Marcello Cantone ha scritto:Leone o Mastino, triangoli o monti, difficile a dirsi, la macchia tra i due triangoli è veramente un sole?
Prechè non ci mostri i particolari ingranditi e a maggiore risoluzione?
Nel resto del marmo esistono iscrizioni?
Perchè dovrebbe appartenere ad un canonico arcidiacono e vicario generale?
A milazzo nella base delle colonne del portale della chiesa del Carmine, ho intravisto (di sera e da lontano) uno stemma dove c'era un mare che sosteneva qualcosa, non credo che era la testa dei Proto, mi è parso di scorgere un cane, se sei del luogo dacci un'occhiata e mi fai sapere,
Caro Frà Eusanio, ho visto da vicino la lapide e posso escludere al 100% che in mezzo ai due triangoli ci sia un'altra figura (un sole o altro). Forse la nuova immagine che ho inviato al Sig. Cravarezza potrà chiarire meglio.

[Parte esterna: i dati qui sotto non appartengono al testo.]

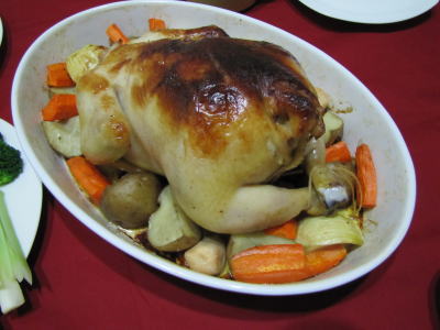 ●チキンの丸焼き(ターメリックライス詰め)&野菜添え(人参、じゃがいも、たまねぎ、にんにく)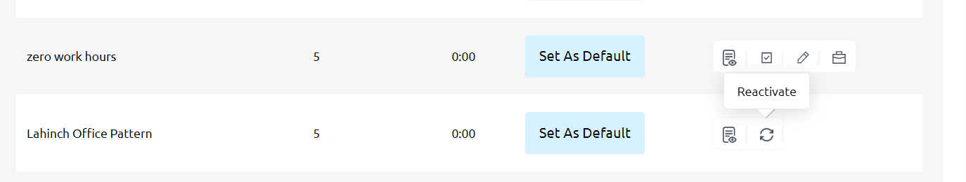 In other instances, archived documents may not have a dedicated tab. Instead, they are displayed on the same screen as active items, but are simply relocated to the bottom of the list. This is the case in sections like work patterns, where archived items remain visible, yet are clearly segregated from current tasks.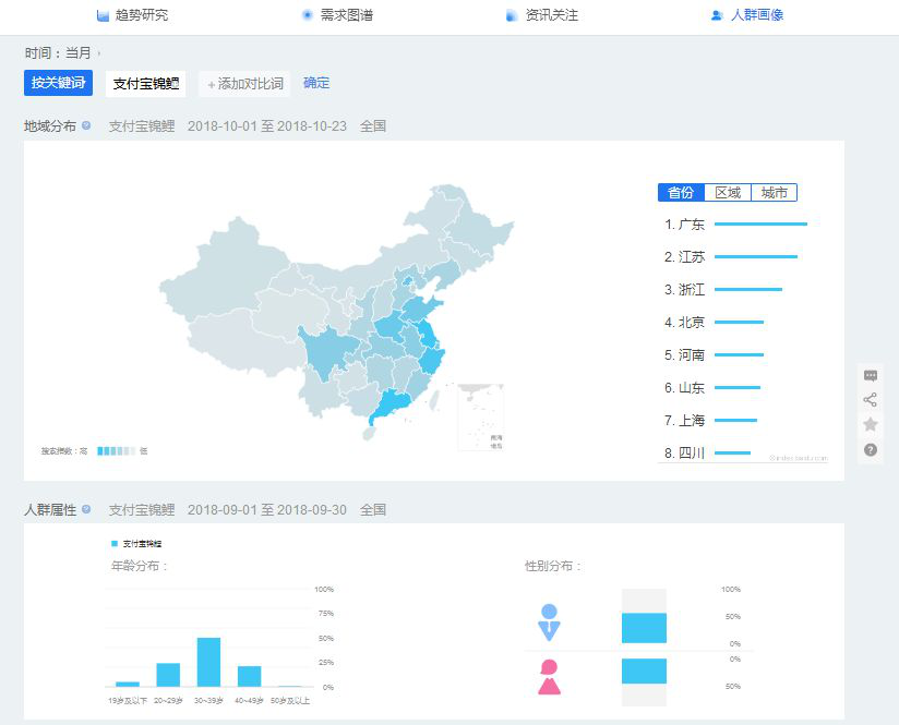 通過關鍵詞查看熱點的搜索量、人群畫像等。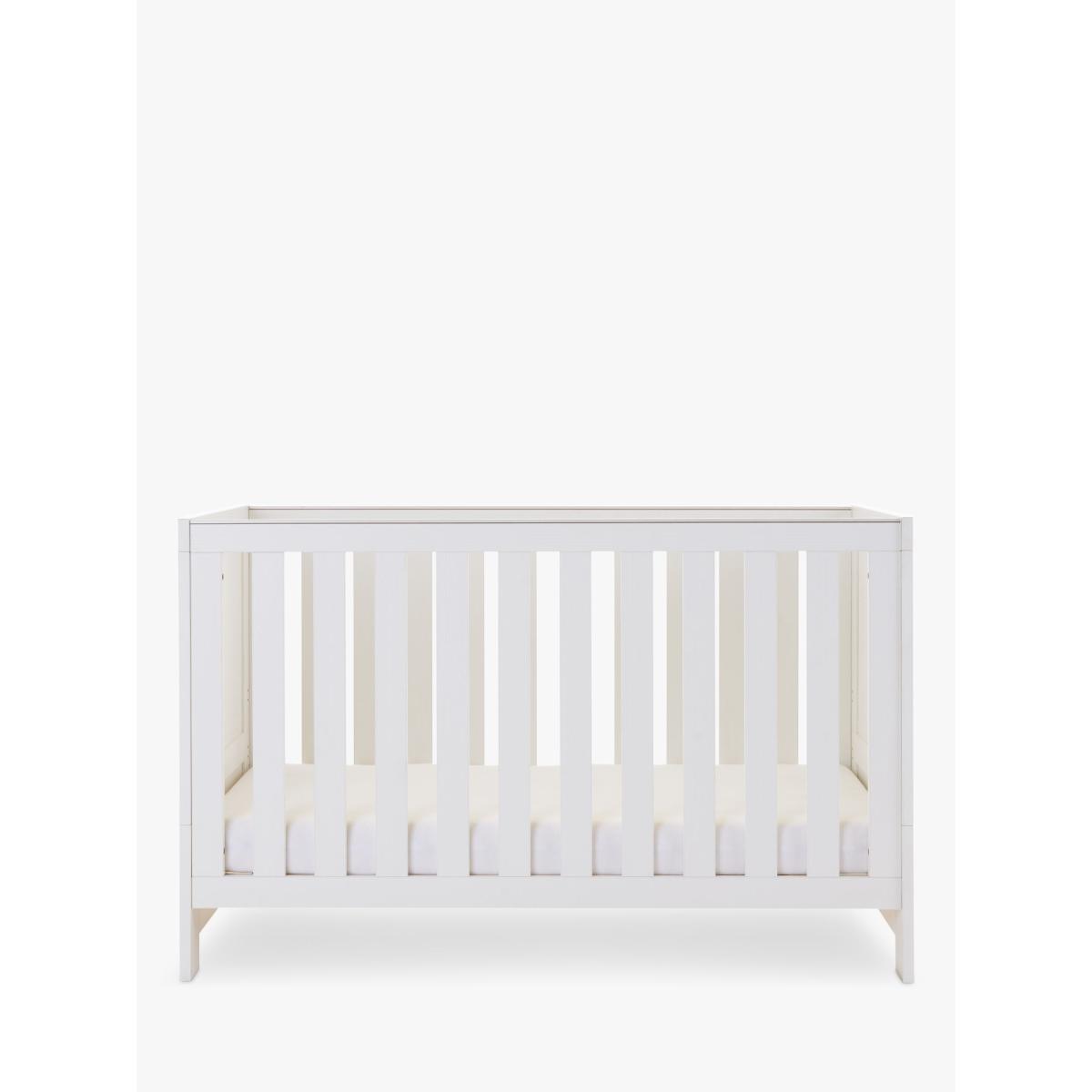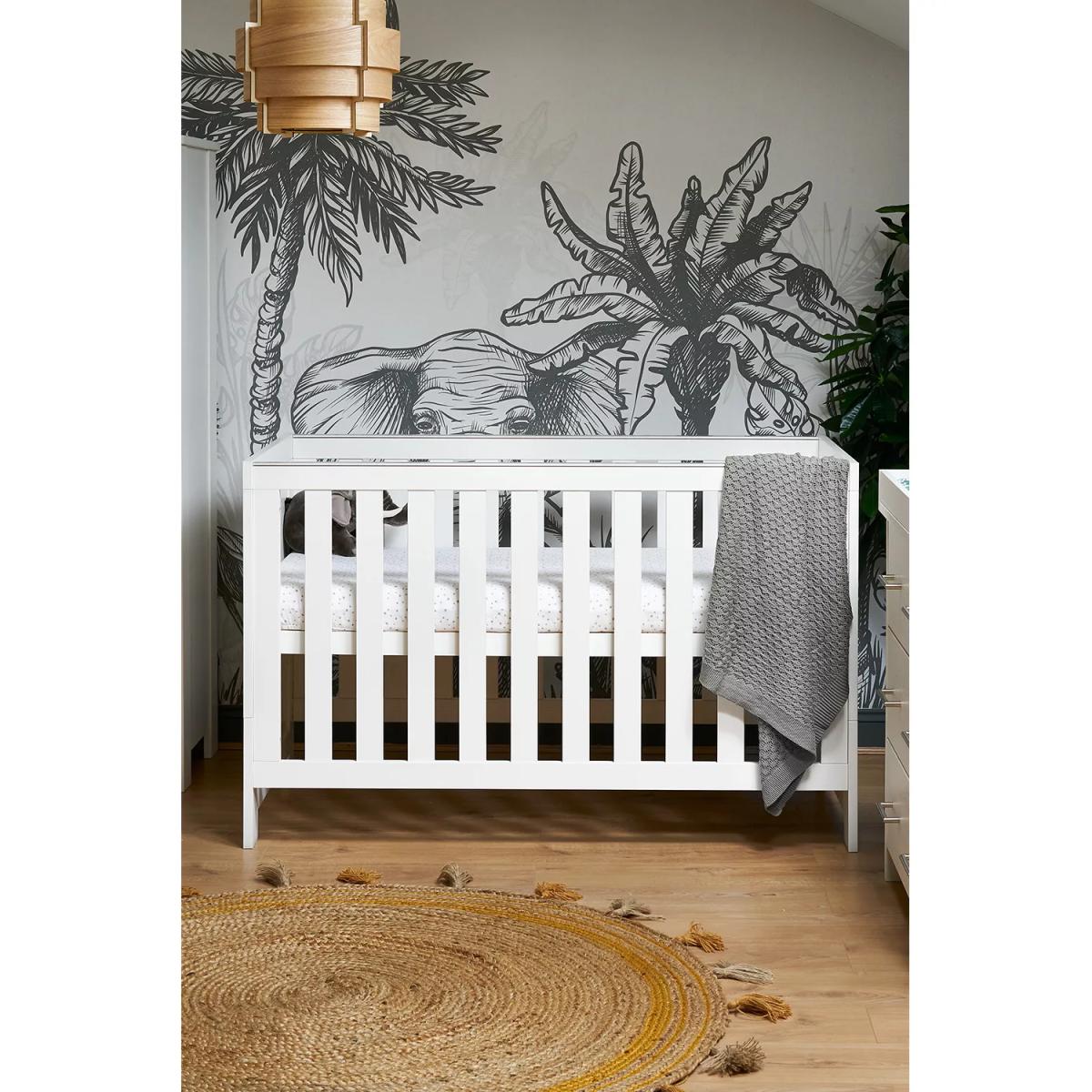 The Obaby Nika range offers a contemporary design, due to its clean lines and textured oak effect finish, that will fit perfectly in today’s modern nursery. The Nika cot bed has three mattress base positions, the highest allowing you to put down and pick up your newborn without straining your back through unnecessary bending. As your little one starts to develop and become more active, the mattress base can then be lowered by a further two positions keeping them safe and secure at all times while the teething rails protect their delicate first teeth. When your little one is standing confidently, the Nika can be easily transformed into a stylish toddler bed that still offers the familiarity they are used to and helps them to transition in an often-daunting time. Once transformed the toddler bed can be used until they are approximately four years old. This cot bed requires an Obaby 140 x 70cm mattress, sold seperately. For this item, our supplier can deliver to your doorstep, but the drivers cannot enter your property. If you live in a flat, the delivery driver will be able to bring the boxes to the main entrance of the building, but they will not be able to take them up to the door of your flat. Therefore, we recommend having someone with you who can take in the boxes.

Caro Marcello nel resto del marmo esisteva un'iscrizione ma è completamente abrasa e non si riesce a leggere più nulla.
Che sia un canonico arcidiacono e vicario generale è un'ipotesi. I vescovi-abati di S. Lucia hanno monumenti nei muri della Cattedrale. Per i semplici canonici era vietato avere delle sepolture personali. Per terra invece ci sono le lapidi di canonici che avevano dignità particolari. Infatti, a parte quella in questione, le altre tre esistenti appartengono al Canonico Arcidiacono D. Rajnero Rajneri vicario generale (+1761), al suo successore Can. Arc. Dott. D. Antonino Basile vicario generale (+1792) ed infine al Can. Dott. D. Simone Pulejo (+1789) consiglere ("Consult.") della Santa Inquisizione (e qualcos'altro, ma l'iscrizione è rovinata). Le lapidi di questi tre personaggi hanno gli stessi motivi decorativi, metre la lapide dell'ecclesiastico ignoto è diversa e sembrerebbe più antica.
Quanto prima cercherò di andare a Milazzo a dare un'occhiata nella Chiesa che mi hai indicato.